32. We understand it was frustrating for Mr T to experience a further wait, particularly given the discomfort he was in. We recognise it was difficult managing his injury with a newborn child.

33. We have seen the Trust acted in line with guidance. For this reason, we will not be considering this part of his complaint any further.

Complaint handling

34. Mr T says the Trust did not handle his complaint properly. He says it failed to answer the phone or respond to his emails and acknowledge the seriousness of his concerns. Consequently, he remains dissatisfied by its complaint response.

35. The Trust recognised Mr T’s difficulty in getting through, apologised that staff were unhelpful when he did reach them, and offered an apology for staff conduct.

36. NHS complaint standards state staff should ensure to welcome complaints. They should actively listen and demonstrate a clear understanding of what the main issues of the complaint are.

37. Considering Mr T’s account and the Trust’s acknowledgement of Mr T’s experience, we have seen signs the Trust has not acted in line with the guidance. Where we see signs something has gone wrong, we look at whether there are signs the Trust has also taken appropriate steps to put right any impact of these events.

38. Mr T told us he felt ignored and dismissed by the Trust. We were sorry to hear about Mr T’s experience.

39. PHSO GCH say organisations should consider remedies such as an acknowledgement, apology and service improvements. It also says financial remedy should be considered in situations where the complainant cannot be returned to the position they were in before the failing happened.

40. The Trust has acted in line with this guidance in apologising, taking learning from this complaint and reminding its staff on the importance of always being professional.

41. As Mr T is seeking a financial remedy we looked to our guidance see if this is justified.

42. The level of distress Mr T has experienced is in keeping with level one of our guidance. This says the person affected has experienced a low impact injustice such as a frustration, worry or inconvenience, of short duration and where there are no other adverse effects or ongoing wider impact.

43. There is no financial remedy recommendation for a level one injustice.

44. Overall, we have seen the Trust has already acted in line with our guidance and done enough to identify and put right the impact of its complaint handling. For this reason, there is nothing further we could add by considering this part of his complaint further.
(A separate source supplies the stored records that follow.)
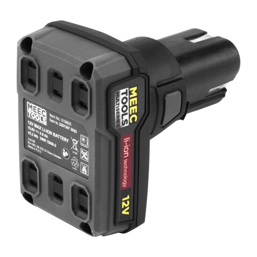 Uzupełnij narzędzia 12 V potężnym akumulatorem 4 Ah! Ten akumulator o dużej mocy ze wskaźnikiem naładowania jest przeznaczony do narzędzi i urządzeń ogrodowych z serii Meec Tools Multiseries i objęty roczną gwarancją.
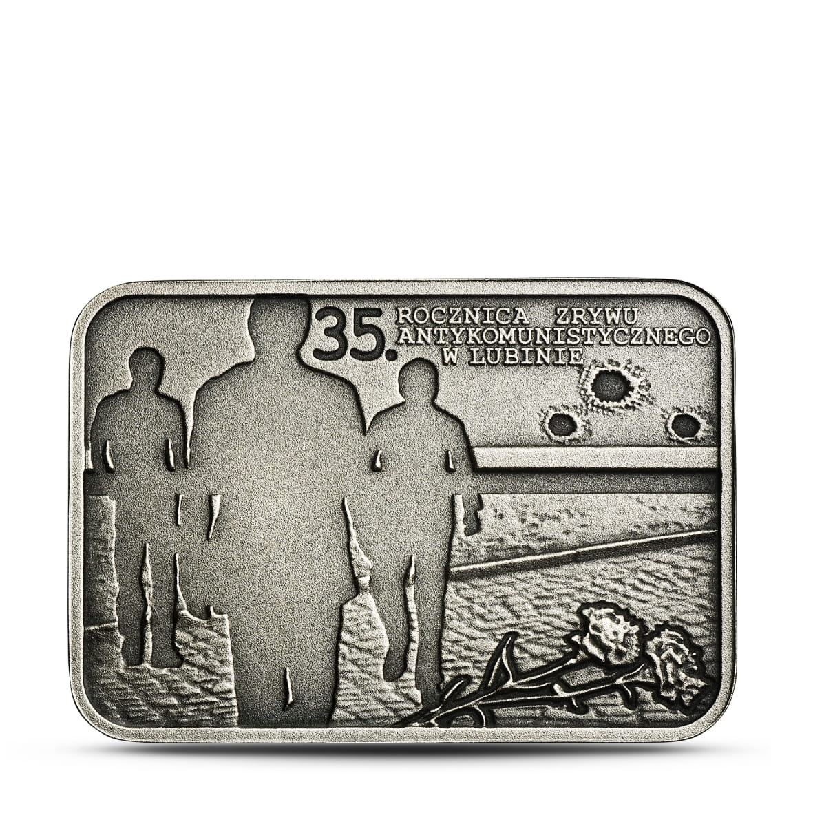 Lubin i okolice jeszcze w latach 50. XX wieku były najsłabiej zagospodarowanym i zaludnionym obszarem Dolnego Śląska. Jednak po odkryciu na tych terenach złóż miedzi i powołaniu Kombinatu Górniczo-Hutniczego Miedzi, który sfinansował wiele działań infrastrukturalnych, region się zmodernizował. W Lubinie wybudowano osiedla mieszkaniowe, ulice, szkoły, pawilony handlowe. Władza komunistyczna była przekonana, że mieszkańcy Lubina, można by rzec modelowego miasta tamtego ustroju, również modelowo myślą. Tym bardziej że działalność Solidarności w Zagłębiu Miedziowym między rokiem 1980 a 1981 nie wskazywała, że akurat tu będzie największy, poza Wrocławiem, ośrodek oporu społecznego w tej części Polski. Jednak zasięg strajków po wprowadzeniu stanu wojennego, a także determinacja załóg kopalń i huty „Głogów” pokazały, że nie będzie to obszar społecznie bierny. Z kolei pacyfikacja kopalni „Rudna” w pierwszych dniach stanu wojennego czy też niespotykane poza tym regionem akty podkładania niewielkich materiałów wybuchowych powodowały, że władze obawiały się, że 31 sierpnia 1982 r. – w 2.rocznicę podpisania porozumień sierpniowych – mogą tu wybuchnąć zamieszki. Faktycznie, demonstracje odbyły się we wszystkich miastach Zagłębia Miedziowego. W Lubinie też, choć nie była to demonstracja największa. Manifestanci skandowali hasła „Uwolnić internowanych”, „Znieść stan wojenny”. Inicjatorem manifestacji był Stanisław Śnieg, działacz Solidarności. Wygłosił przemówienie, w którym wezwał do uwolnienia osób więzionych ze względów politycznych. W interwencji mającej na celu rozproszenie manifestujących brały udział oddziały Milicji Obywatelskiej oraz oddziały Zmotoryzowanych Odwodów Milicji Obywatelskiej (ZOMO), które w pierwszej fazie zamieszek miotały w kierunku manifestantów środki chemiczne, a następnie użyły broni z ostrą amunicją. Do tej pory nie wyjaśniono przyczyn takiego stanu rzeczy. Rannych zostało ponad dwadzieścia osób, z tego siedem ciężko; trzy postrzelone osoby – Andrzej Trajkowski, Mieczysław Poźniak i Michał Adamowicz – zmarły. 28 sierpnia 2017 roku Narodowy Bank Polski wprowadza do obiegu srebrną monetę o nominale 20 zł „35.rocznica zrywu antykomunistycznego w Lubinie” Niespokojnie w Lubinie było jeszcze przez 48 godzin – 1 września demonstrowało 15 tys. mieszkańców, dzień później niespełna pięć tysięcy. Dochodziło do zamieszek i niepokojów. Aby powstrzymać falę protestu, zgromadzono ponad 1000 funkcjonariuszy spoza terenu województwa, a samo miasto odcięto od reszty kraju na siedem dni. Do dnia dzisiejszego nie wszyscy sprawcy tej masakry ponieśli karę. Symbolem wydarzeń w Lubinie jest zdjęcie Krzysztofa Raczkowiaka, na którym widoczny jest umierający Michał Adamowicz niesiony przez grupę mężczyzn. Zdjęcie – milczący świadek tamtych wydarzeń. Na rewersie monety przedstawione zostały zarysy trzech męskich postaci, obok których widnieją symboliczne trzy ślady po pociskach, szarfa oraz dwa goździki leżące na bruku. Na awersie monety przedstawiono biało-czerwoną szarfę na tle sylwetek trzech mężczyzn, symbolizujących ofiary wydarzeń w Lubinie. dr Marek Zawadka
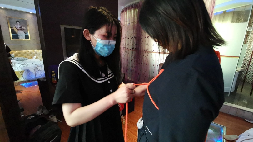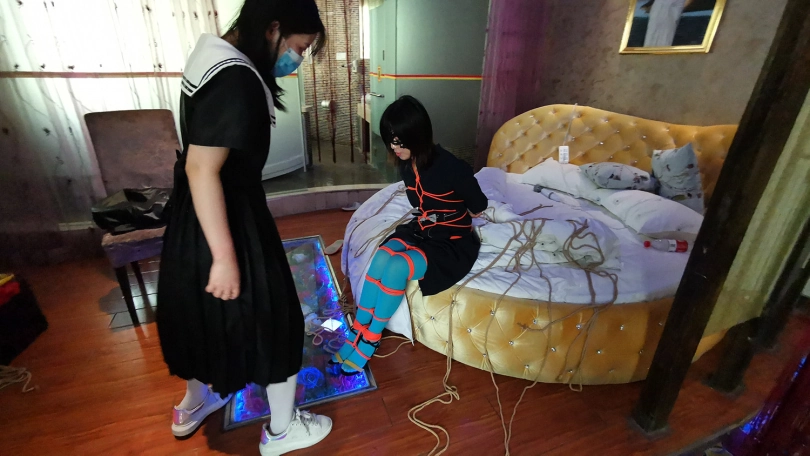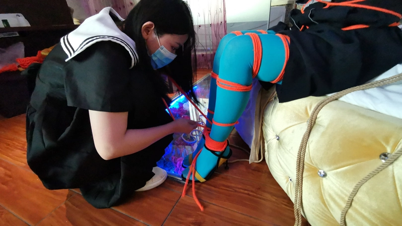 琳洛还是比较有绳师和女王的潜质的,这次让凌熙来当小白鼠,全程几乎都是琳洛一人捆绑,手法比较娴熟了。将凌熙全身捆绑后,拿出快感棒对准凌熙的下面敏感部位就是一阵强攻。手也不老实的在凌熙身上游走,不断的挑逗着凌熙。凌熙哪招架的住这么强烈的攻势,不断的呻吟挣扎,最后下面终于。。。

45. We appreciate this was a very difficult time for Mr T. We hope this explanation gives him reassurance that his complaint has been thoroughly considered.

Our Decision

1. We have carefully considered Mr T’s complaint about London North West University Healthcare NHS Trust (the Trust). We were sorry to hear about his concerns with the management of the Trust’s waiting list and its complaint handling.

2. We have seen no signs anything was wrong with the Trust’s decision to remove Mr T from its waiting list. We did see signs it had not always acted in line with complaint guidance. We are satisfied it has already taken appropriate steps to put this right.

3. We appreciate that it was not an easy time for Mr T, and we are sorry to hear he experienced so much worry during that time. We hope our decision provides some reassurance about the service he received.